Agence France-Presse,
Lawmakers girded for a week of political clashes as the US war commander in Iraq, General David Petraeus, prepares to plead Monday for more time to pacify the fractured nation.
On the eve of a hotly anticipated appearance in Congress by the general and the US ambassador to Baghdad, Ryan Crocker, the Republican party accused Democrats of a “desperate new PR strategy to impugn Petraeus.”
Petraeus faces a hostile barrage from Democrats over if and when troops can come home from a four-year war that has killed more than 3,700 US soldiers, tens of thousands of Iraqis and cost half a trillion dollars.
The top US commander will argue that President George W. Bush's contentious strategy announced in January of surging 28,500 extra troops into Iraq has slashed sectarian violence and should be extended.
“I expect him to say that. And I really respect him. And I think he's dead, flat wrong,” Democratic Senator Joseph Biden, a contender in the 2008 White House race, told NBC television.
Bush, according to Biden, “is putting American forces in the middle of a civil war to maintain the status quo. That is unconscionable, and he's wrong.”
Petraeus also was expected to accept gradual cuts in the 168,000 US troops in Iraq from early next year — although the reductions he has in mind are unlikely to satisfy anti-war Democrats.
“My sense is that we have achieved tactical momentum and wrested the initiative from our enemies in a number of areas of Iraq,” Petraeus wrote in a weekend letter to US forces, while expressing disappointment at the pace of political reconciliation in Baghdad.
Joined by Crocker, Petraeus was to swap Baghdad's stifling heat for cool congressional committee rooms Monday and Tuesday, to complement a report on the war that Bush must deliver to US lawmakers by September 15.
They are expected to say the current troop “surge” is making Iraq safer.
Bush has repeatedly hinted that they make their cases in congressional hearings, he may be able to discuss bringing some troops home.
Bush plans a national address this week, to “lay out a vision for future involvement in Iraq” that the public “and their elected leaders of both parties can support.”
Bush on Saturday seized on a new video by elusive Al-Qaeda mastermind Osama bin Laden to buttress his case that the United States must show resolve in Iraq, which he said was “a part of this war against extremists.”

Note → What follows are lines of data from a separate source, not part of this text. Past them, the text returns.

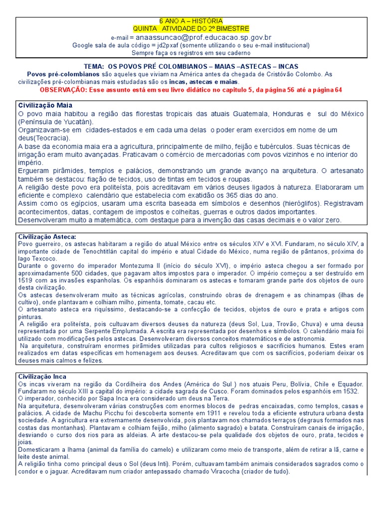 TEMA: OS POVOS PRÉ COLOMBIANOS – MAIAS –ASTECAS – INCAS
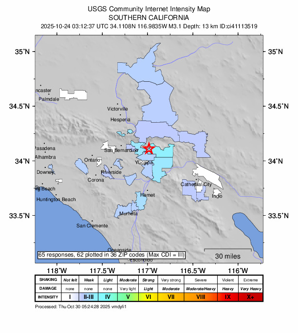 Probabilities are inherantly time-dependent. Those stated here are for time periods beginning the instant when this report was generated, 2025/11/04 21:59:52 PST. The model has not been updated with any observed aftershocks and may be out of date, especially if large aftershock have occurred subsequently or a significant amount of time has passed since the mainshock.
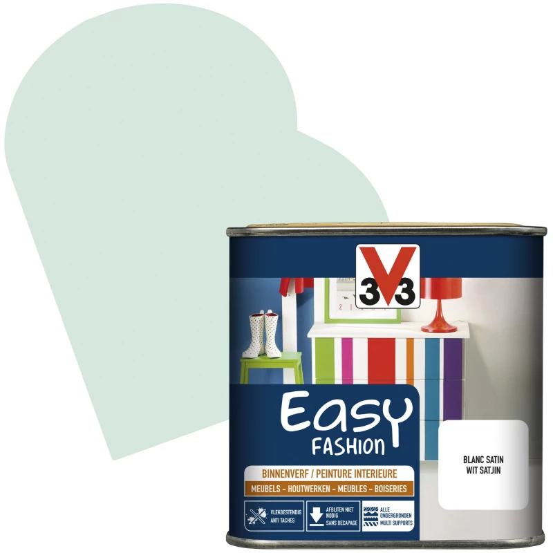 Si vous cherchez une solution efficace pour donner une nouvelle jeunesse à votre intérieur, la peinture Easy Fashion de la marque V33 convient idéalement. Ce produit vous permet d’appliquer une jolie couleur menthol à la finition satinée afin de rénover vos meubles, neufs ou anciens. Applicable sur tous types de supports, cet élément vous offre une résistance optimale et durable face à l’eau, les taches ou les chocs. Vous pouvez utiliser ce produit sans décapage du support au préalable.
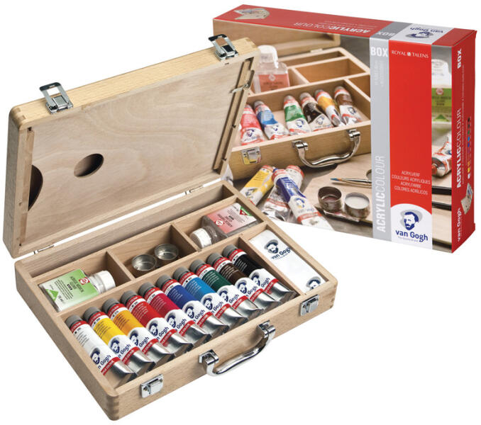 Talens Van Gogh akrilfesték - kezdő festőkészlet gyönyörű fadobozban Kiváló minőségű, sokoldalú akrilfesték, magas pigmenttartalommal. Nagy viszkozitás, rövid száradási idő jellemzi. Festőkéssel és/vagy ecsettel is felvihető, jól rétegezhető festék. A praktikus fadoboz lehetővé teszi a könnyebb szállítást, akár a szabadban festést is. Készlet tartalma:- 10 x 40
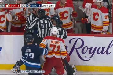 Martin Pospisil contre Logan Stanley des Flames de Calgary lors du match des Jets de Winnipeg le 27 septembre 2023.…
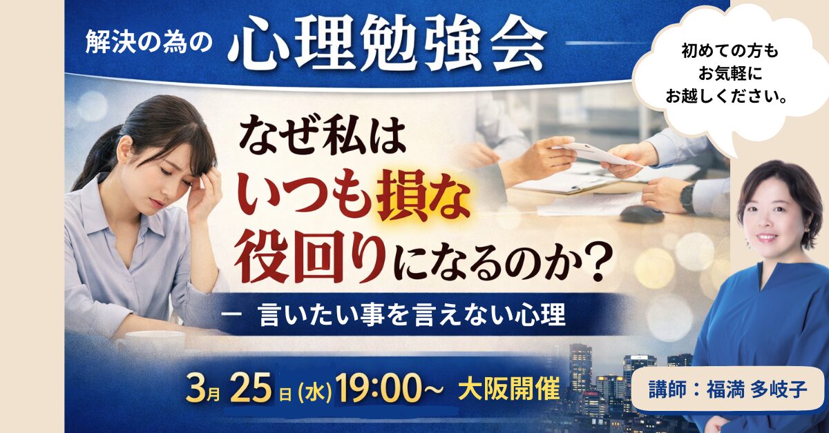 この勉強会では「我慢する人間関係」から抜けていく具体的な心理の理解をお伝えします。
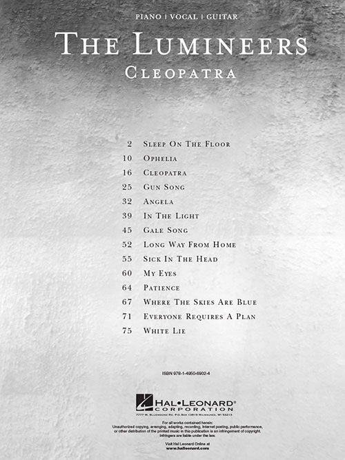 This long-awaited sophomore album release by the Lumineers topped the Billboard® album charts. Our songbook features 14 songs blending country, folk and pop styles in arrangements for piano, voice and guitar. Includes: Angela · Cleopatra · Gale Song · In the Light · Long Way from Home · My Eyes · Ophelia · Patience · Sleep on the Floor · and more.

Monday is billed as the most high-profile appearance on Capitol Hill by a US commander since General William Westmoreland addressed both houses of Congress in 1967 on the state of the war in Vietnam — whose shadow looms large over today's debate on future strategy in Iraq.
Calls to stay the course in Iraq are “the same kind of thinking, actually, that got us mired in Vietnam,” Democratic Senator John Kerry said on ABC television, calling the Iraq mission “disastrous.”
But Iraqi government spokesman Ali al-Dabbagh, speaking in Baghdad, urged against a US withdrawal because the Iraqi government needs help to “prevent the return of the terrorists.”
US lawmakers from both parties condemned stuck to their battle lines as they took to the airwaves Sunday.
Republican White House runner John McCain said he was “guardedly optimistic” that if the surge continues, “you could see a messy but favorable outcome.”
Warning of the regional consequences of failure in Iraq, Senator McCain said: “I am convinced that it will be chaos, genocide, and we'll be back with greater sacrifice.”
With the political heat rising ahead of national elections next year, there are reports of dissent even among top military commanders over the surge policy.
Petraeus has clashed bitterly with his military superior Admiral William Fallon, who believes the tactic is using up valuable troops needed elsewhere across the Middle East, The Washington Post reported Sunday.